Abstract

Android malware poses severe threats to users, hence raising an urgent demand for malware detection. In-cloud Android malware detection often suffers privacy leakage and communication overheads. Therefore, this article focuses on on-device Android malware detection. At present, on-device malware detectors are usually trained on servers and then transplanted to mobile devices (e.g., smartphones). In practice, on-device training is particularly important due to the demand for offline updates. Because mobile devices are limited in resource, however, on-device training is hard to implement, especially for those high-complexity malware detectors. To overcome this challenge, we design a lightweight on-device Android malware detector, based on the recently proposed broad learning method.

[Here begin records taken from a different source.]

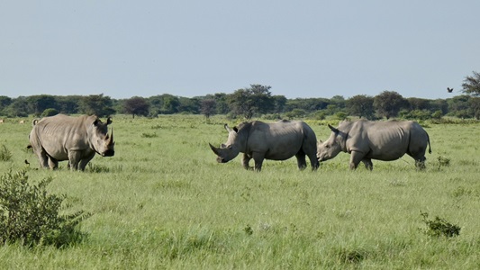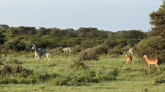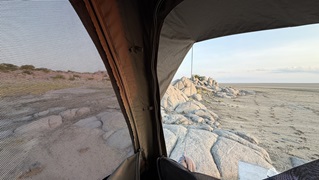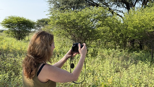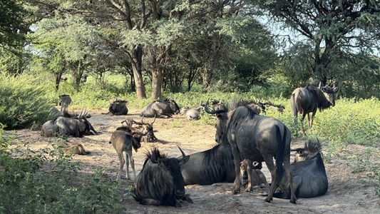 26. & 27.12.25 - Als erste Tat müssen wir Bargeld und eine Erstausstattung mit Lebensmitteln und Getränken bekommen. Gaborone ist eine durchaus moderne Großstadt, aber natürlich müssen wir uns erst mal an die Andersartigkeit gewöhnen. Wir finden eine große Mall und bekommen alles was wir brauchen. Bein Beladen des Autos fühlen wir den Temperatursprung von 0° auf 30° heftig und wir freuen uns auf die Fahrt mit gut funktionierender Klimaanlage. Unser erstes Ziel ist das Khama Rhino Sanctuary. Nach dem Gate geht es ein par Kilometer auf Sandpiste zu unserem Campground, Tisch und Stühle werden aufgestellt und das Dachzelt aufgeklappt. Alles spannend, weil zum ersten Mal. Silva zaubert etwas mit der Bordküche und völlig fasziniert machen wir einen Abendspaziergang durchs Camp. Die Geräuschkulisse, der Geruch, das Licht und die ersten Vögel und Antilopen begeistern uns.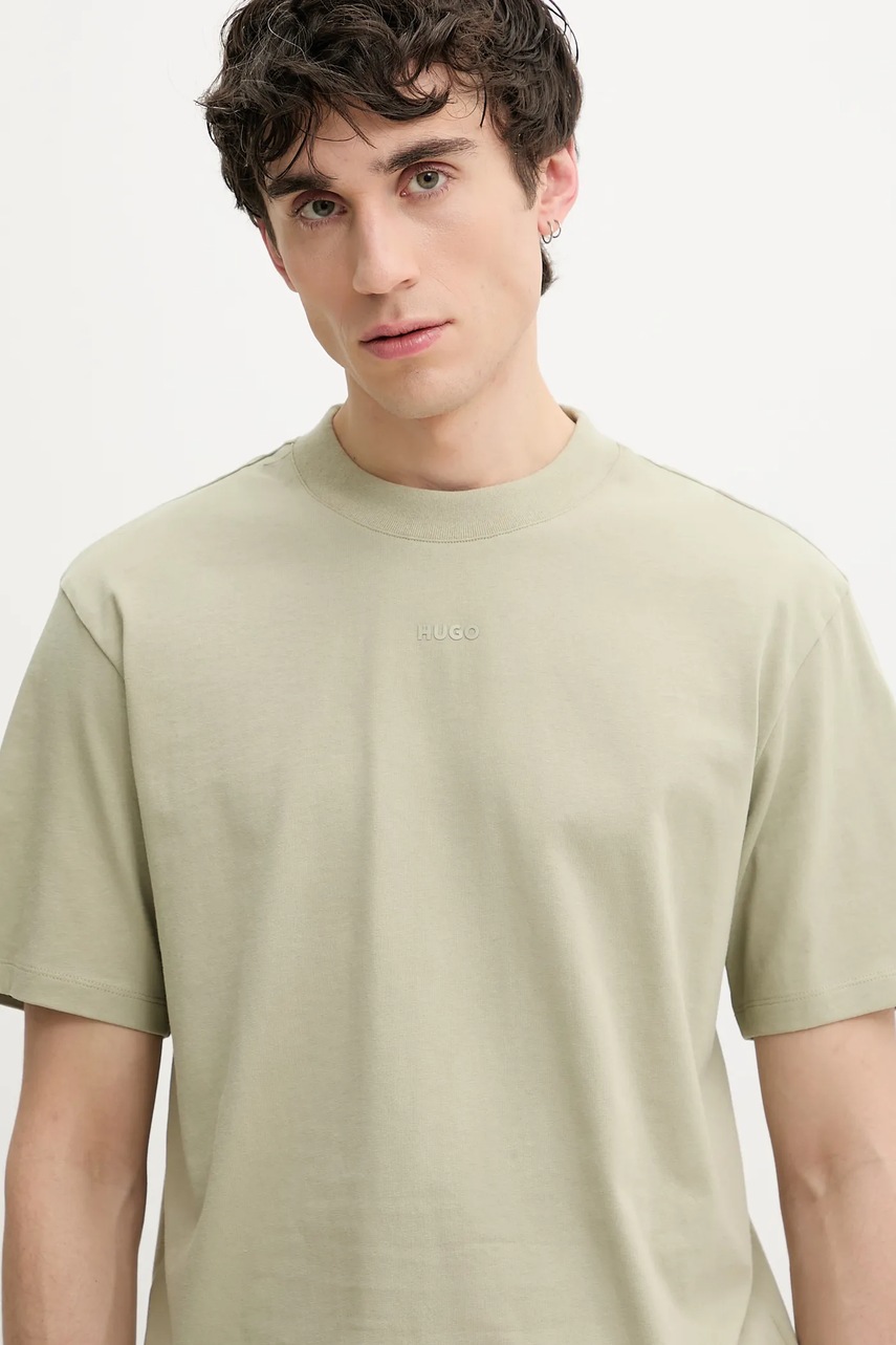 HUGO t-shirt bawełniany męski kolor zielony gładki 50488330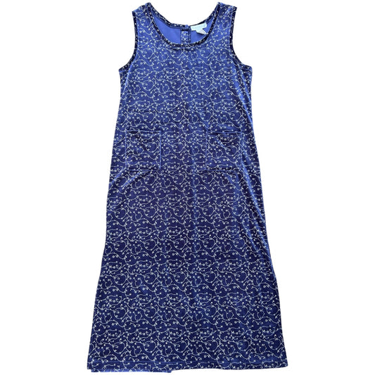 90s Y2K Claudia D Blue Velvet Overall Jumper Maxi Dress Floral Print Women’s Large

Our detector mainly uses one-shot computation for model training. Hence it can be fully or incrementally trained directly on mobile devices. As far as detection accuracy is concerned, our detector outperforms the shallow learning-based models, including support vector machine (SVM) and AdaBoost, and approaches the deep learning-based models multilayer perceptron (MLP) and convolutional neural network (CNN). Moreover, our detector is more robust to adversarial examples than the existing detectors, and its robustness can be further improved through on-device model retraining. Finally, its advantages are confirmed by extensive experiments, and its practicality is demonstrated through runtime evaluation on smartphones.